On the face of it, my Personal Independence Payment should be more than enough to cover a few trips to the office each month. But life has a habit of throwing unexpected costs in our direction!

Although my power chair offers me the life that as a teenage seemed far, far away, the cost implications of that freedom are daunting, and for some too much of a price to pay.

PIP quickly gets swallowed up if I have to commit to unexpected wheelchair maintenance, or if I need to install new mobility items in my home.

Sam smiles while standing on a balcony overlooking the sea

This feeling of cost versus reward, can sometimes feel like a heavy burden.
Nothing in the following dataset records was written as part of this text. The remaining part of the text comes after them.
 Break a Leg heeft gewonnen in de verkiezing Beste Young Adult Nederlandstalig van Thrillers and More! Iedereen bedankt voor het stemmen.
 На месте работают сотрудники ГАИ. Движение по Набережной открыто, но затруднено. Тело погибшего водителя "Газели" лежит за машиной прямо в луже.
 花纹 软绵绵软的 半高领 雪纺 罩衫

For example, I live in an accessible flat and even for London’s prohibitively high prices I am paying a premium for the privilege of having the ‘luxury’ of wider corridors and step-free access.
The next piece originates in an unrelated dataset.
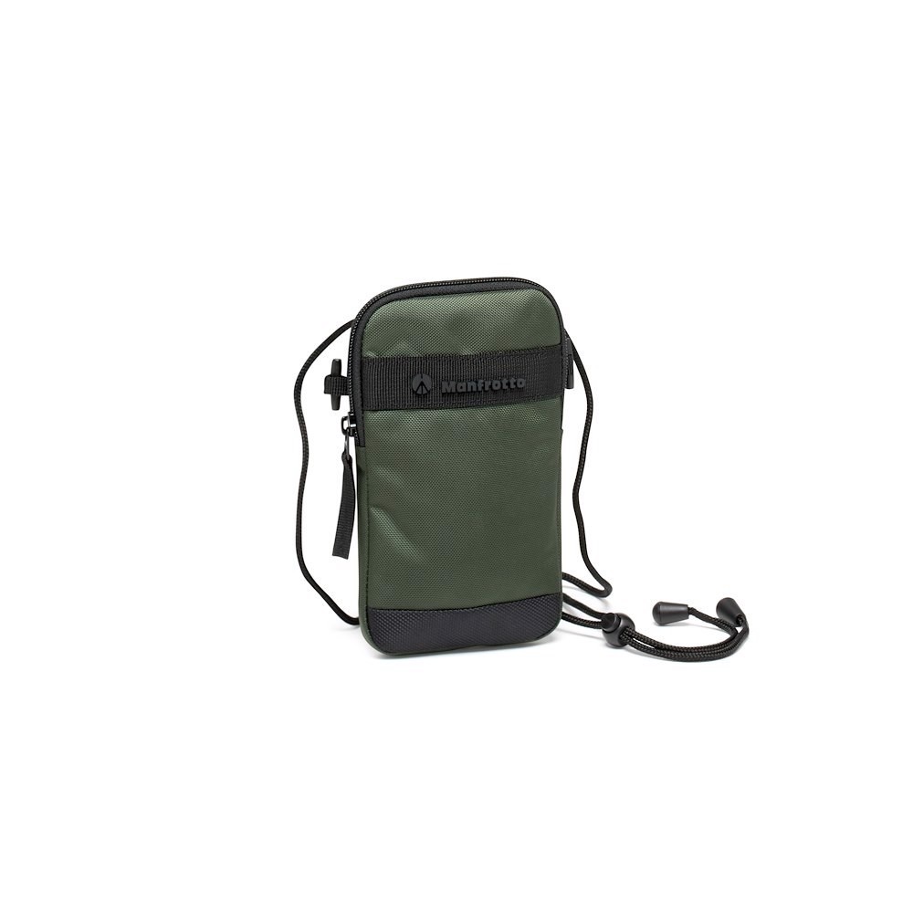 La Manfrotto MB MS2-CB Street Crossbody Pouch es una minibolsa de color verde oscuro y resistente al agua con una capacidad de 1 litro (13 × 1,5 × 20 cm), que cuenta con una correa extensible y ajustable con cordón de ajuste, un bolsillo exterior magnético, dos bolsillos laterales interiores, una presilla para llaves y clips para fijarla a la mochila Street Slim Backpack o al bolso Convertible Tote; ideal para smartphones de 6,8" y los objetos esenciales del día a día, pesa solo 100 g.
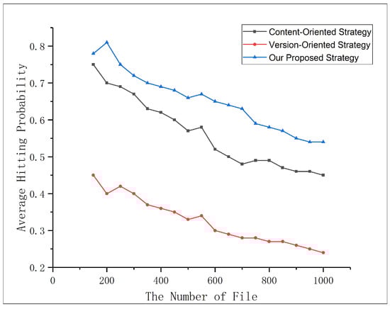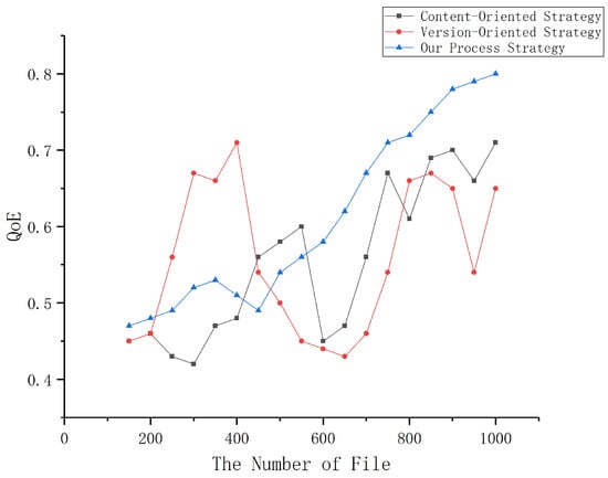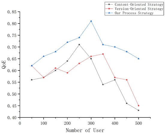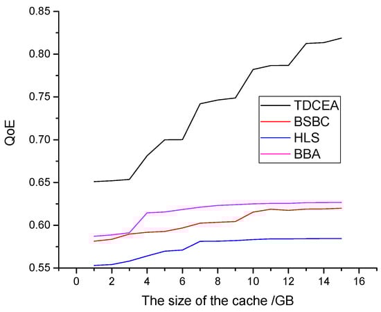 As shown in Figure 6, as the number of users increases, the user’s QoE decreases because the cache space occupied by each user decreases. At this time, when the user requests a file, the probability of finding the requested file in the sever decreases, so the QoE decreases. However, the performance of the strategy proposed in this paper is still better than those of the above two strategies. The strategy proposed in this paper is more suitable for video transmission in high-speed mobile networks.

More affordable accommodation often tends to be older and inaccessible.

Student accommodation is particularly troublesome on this front – I didn’t have the opportunity to move out of student halls because of my access requirements.

Although I don’t yet have all the answers to living a financially sensible life (I’m prone, just as much as anyone, to overindulging in treats), I do have lived experience trying to navigate adulthood as a disabled person.

Here are some of my best tips that I wish I had known from day one:

  • Know your entitlement rights...
    • As a student, take advantage of disabled students funds (you’ll often be given a lot of free equipment) and think hard about what will make your life easier. Student Finance really helped with the additional cost of accessible student rooms which were deemed ‘premium’ and therefore super expensive. They paid the difference between standard accommodation and an accessible room (and although the paperwork was a minefield, the financial assistance was fantastically helpful!).
    • As a young adult working for the first time, make sure to ask for reasonable adjustments from your employer. You shouldn’t have to front the cost of assistive materials such as an ergonomic mouse, an extra screen or an appropriate office chair.
    • Work out what travel entitlements you are eligible for: a free bus/freedom pass or a railcard can really help when pinching pennies (even if public transport isn’t our greatest friend). Additionally, London offers concessionary Taxicards which subsidise taxis for disabled people.
    • When having fun, always keep an eye out for concessionary fees or carers’ tickets for events – these cost savings really do add up, and you’d be surprised at how often you can snag brilliant seats!
    • Take advantage of your care needs assessment – many local care authorities can provide you with up to £1000 worth of disability equipment and minor adaptations to your living arrangements (on a needs assessed basis). 
  • If you can, start a rainy day fund – wheelchair maintenance is often expensive and unforeseen, so stash away a little bit of money wherever possible.
  • Plan, plan, plan – give yourself enough time to get to places, and check they are accessible for your needs. It sucks that the burden is on us to do the research, but many places are getting better at providing access information.
  • Uber Access is a great tool in London – you can now book wheelchair accessible transport without a surcharge. Uber regularly send out voucher codes to discount travel even further.
  • Think critically about bills - most people have to think carefully about electricity, gas, wifi and water usage when it comes to bills! Change supplier regularly to get the best deals wherever possible, and make sure you are paying the right amount of Council Tax (you might be entitled to a disability-related discount).
  • Don't be afraid to ask for help - whether from friends, family, charities or local support systems, make sure to ask for advice or assistance if you're struggling. Being a young adult is tough, and there are plenty of people to offer a helping hand when things get tricky. 

There can be a lot of pressure to try and keep up with our non-disabled peers.

Difference is what makes us powerful, and even if there are additional financial costs we can only go at our own pace, or however fast the wheelchair takes us.